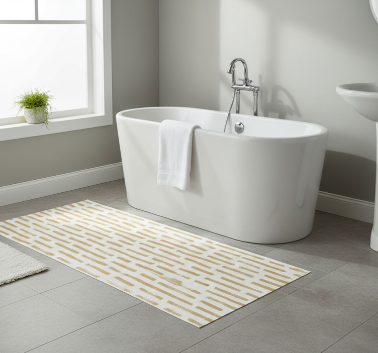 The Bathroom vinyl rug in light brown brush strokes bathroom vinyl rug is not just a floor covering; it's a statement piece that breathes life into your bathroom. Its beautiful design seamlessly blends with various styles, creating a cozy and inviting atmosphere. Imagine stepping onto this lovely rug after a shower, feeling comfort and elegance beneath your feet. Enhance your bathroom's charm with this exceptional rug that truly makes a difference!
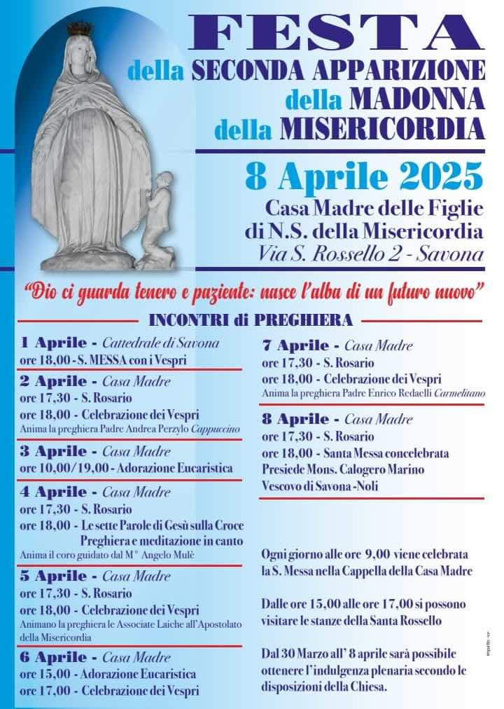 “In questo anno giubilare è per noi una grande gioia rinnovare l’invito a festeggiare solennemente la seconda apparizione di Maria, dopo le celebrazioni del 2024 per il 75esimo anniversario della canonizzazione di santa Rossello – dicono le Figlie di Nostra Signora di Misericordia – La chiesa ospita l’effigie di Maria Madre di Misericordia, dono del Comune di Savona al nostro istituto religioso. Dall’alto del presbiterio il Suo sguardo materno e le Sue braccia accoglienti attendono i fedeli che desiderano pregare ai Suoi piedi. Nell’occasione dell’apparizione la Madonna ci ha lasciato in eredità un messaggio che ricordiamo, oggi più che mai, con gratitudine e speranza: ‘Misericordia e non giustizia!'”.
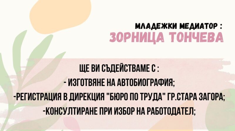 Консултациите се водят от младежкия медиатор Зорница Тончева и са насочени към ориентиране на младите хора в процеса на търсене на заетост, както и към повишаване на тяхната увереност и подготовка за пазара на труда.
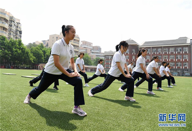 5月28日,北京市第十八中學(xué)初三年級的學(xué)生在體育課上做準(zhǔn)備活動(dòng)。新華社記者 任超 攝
--
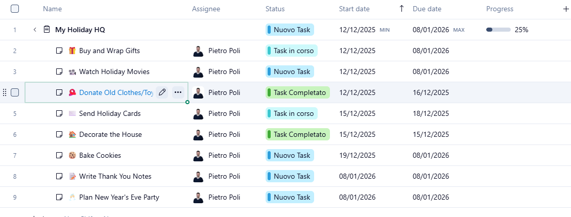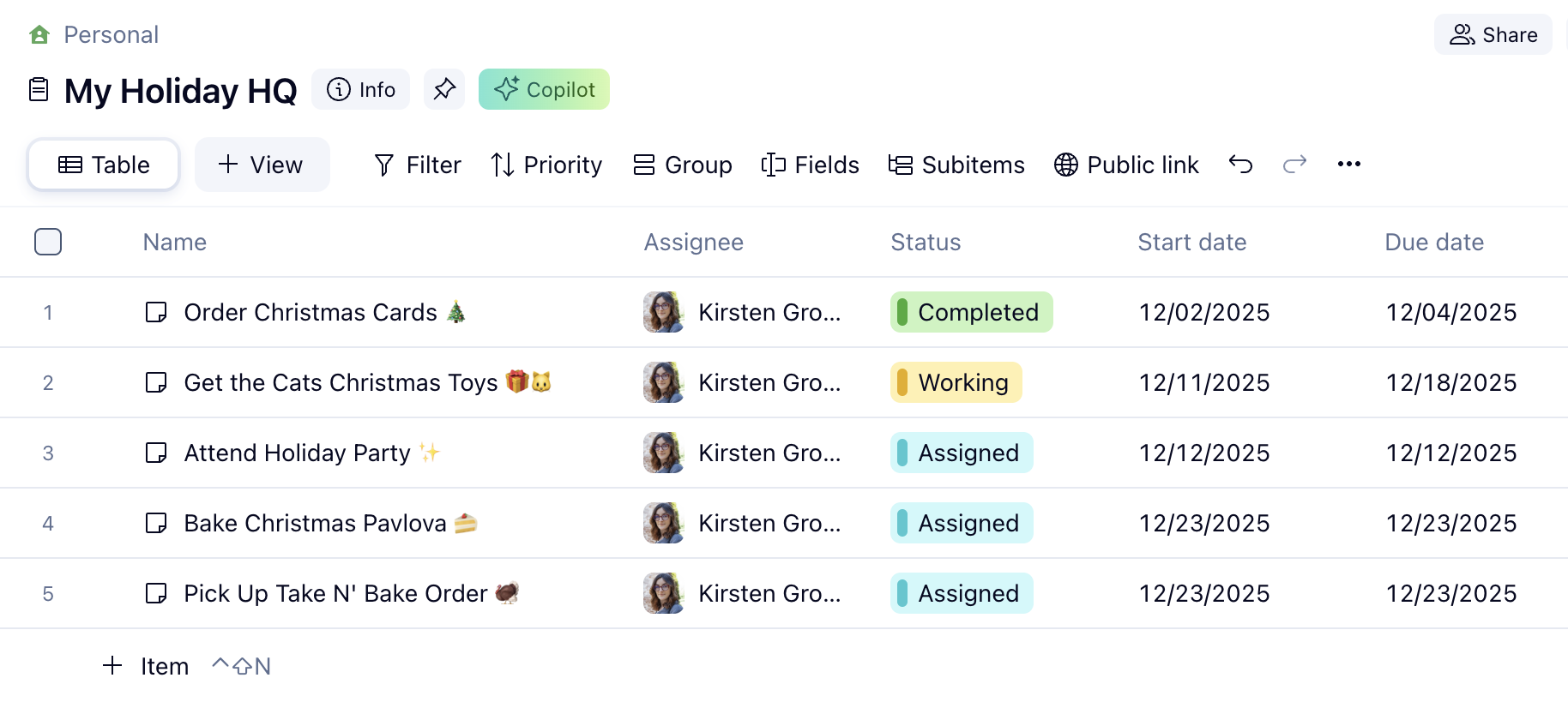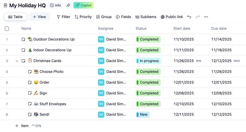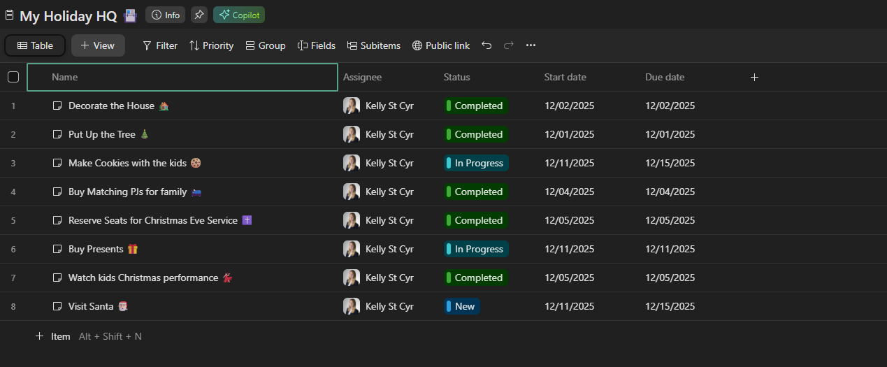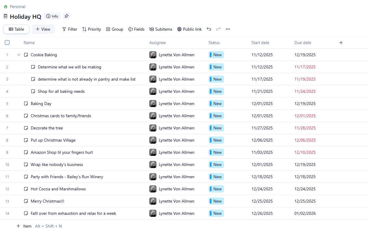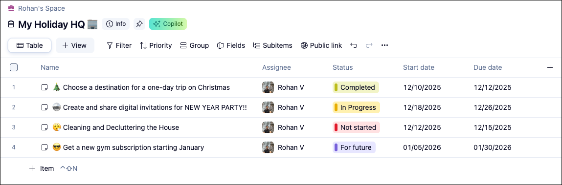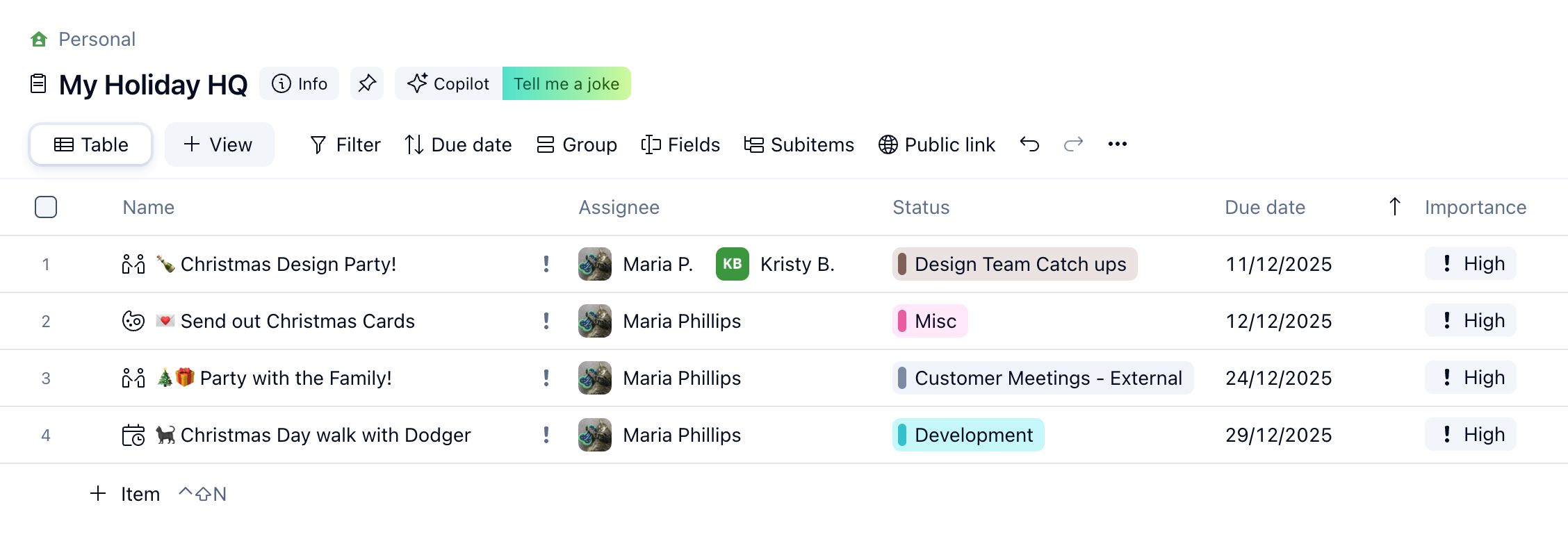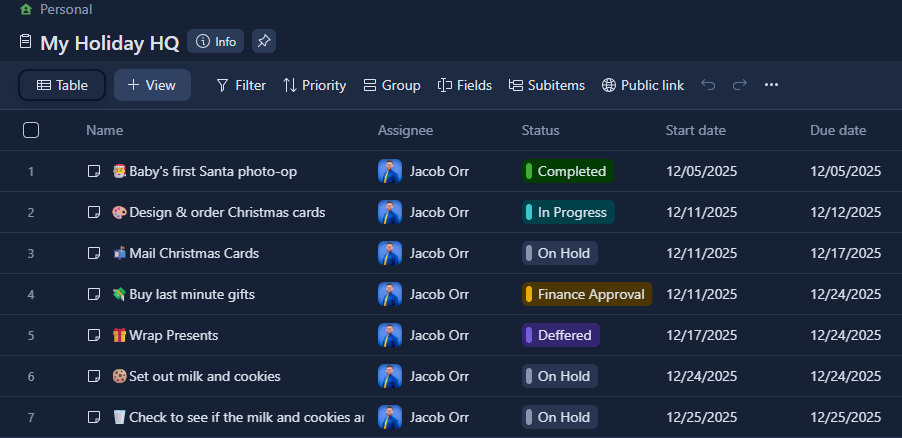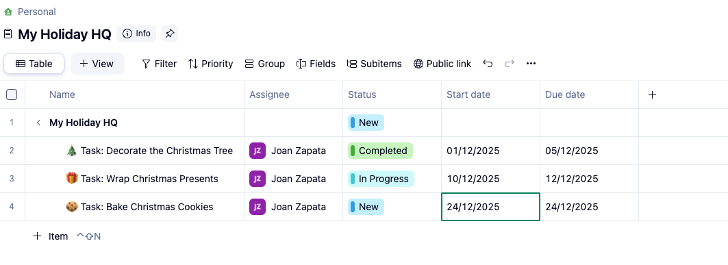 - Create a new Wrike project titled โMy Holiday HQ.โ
...
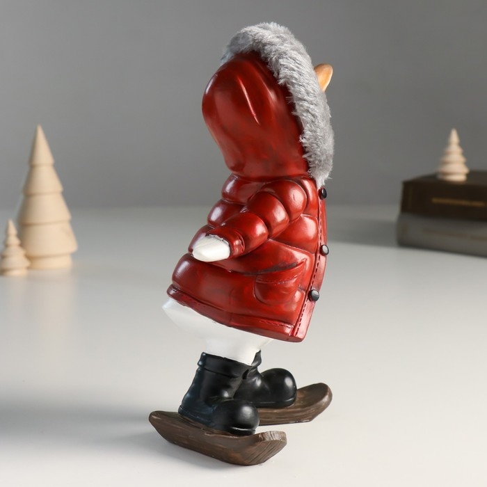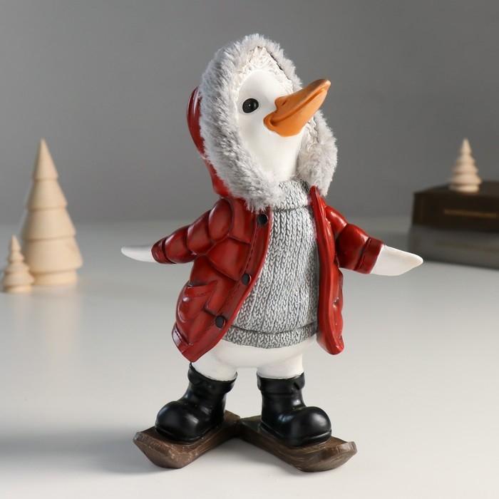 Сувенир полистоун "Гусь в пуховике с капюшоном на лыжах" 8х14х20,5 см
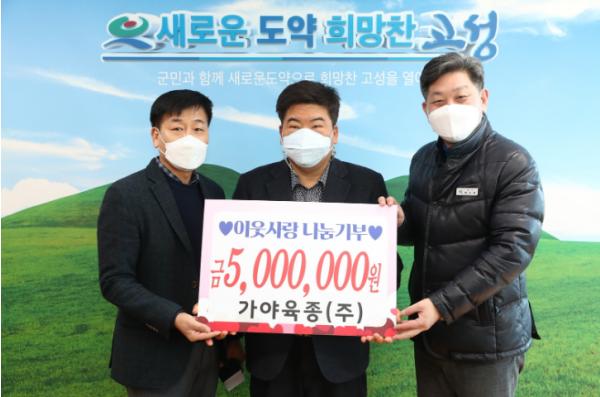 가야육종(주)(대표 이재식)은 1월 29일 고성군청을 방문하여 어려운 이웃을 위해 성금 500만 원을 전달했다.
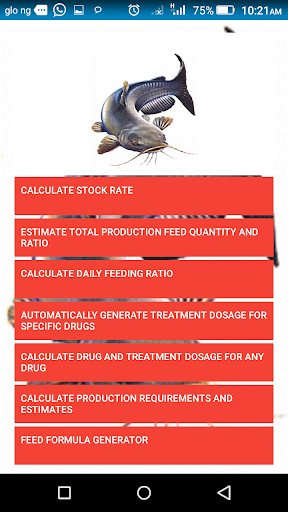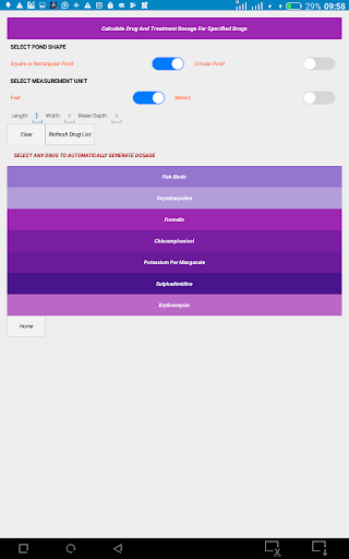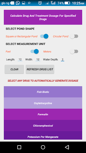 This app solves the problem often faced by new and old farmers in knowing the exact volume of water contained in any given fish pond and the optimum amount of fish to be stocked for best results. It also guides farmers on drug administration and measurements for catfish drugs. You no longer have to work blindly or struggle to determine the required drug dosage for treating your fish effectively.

**Task objective:** Repeat only the stretch of data above that runs from the line with "в пуховике с" to the line with "This app solves". Keep both end lines; exclude pictures.

**Reply:**
 Сувенир полистоун "Гусь в пуховике с капюшоном на лыжах" 8х14х20,5 см
 가야육종(주)(대표 이재식)은 1월 29일 고성군청을 방문하여 어려운 이웃을 위해 성금 500만 원을 전달했다.
 This app solves the problem often faced by new and old farmers in knowing the exact volume of water contained in any given fish pond and the optimum amount of fish to be stocked for best results. It also guides farmers on drug administration and measurements for catfish drugs. You no longer have to work blindly or struggle to determine the required drug dosage for treating your fish effectively.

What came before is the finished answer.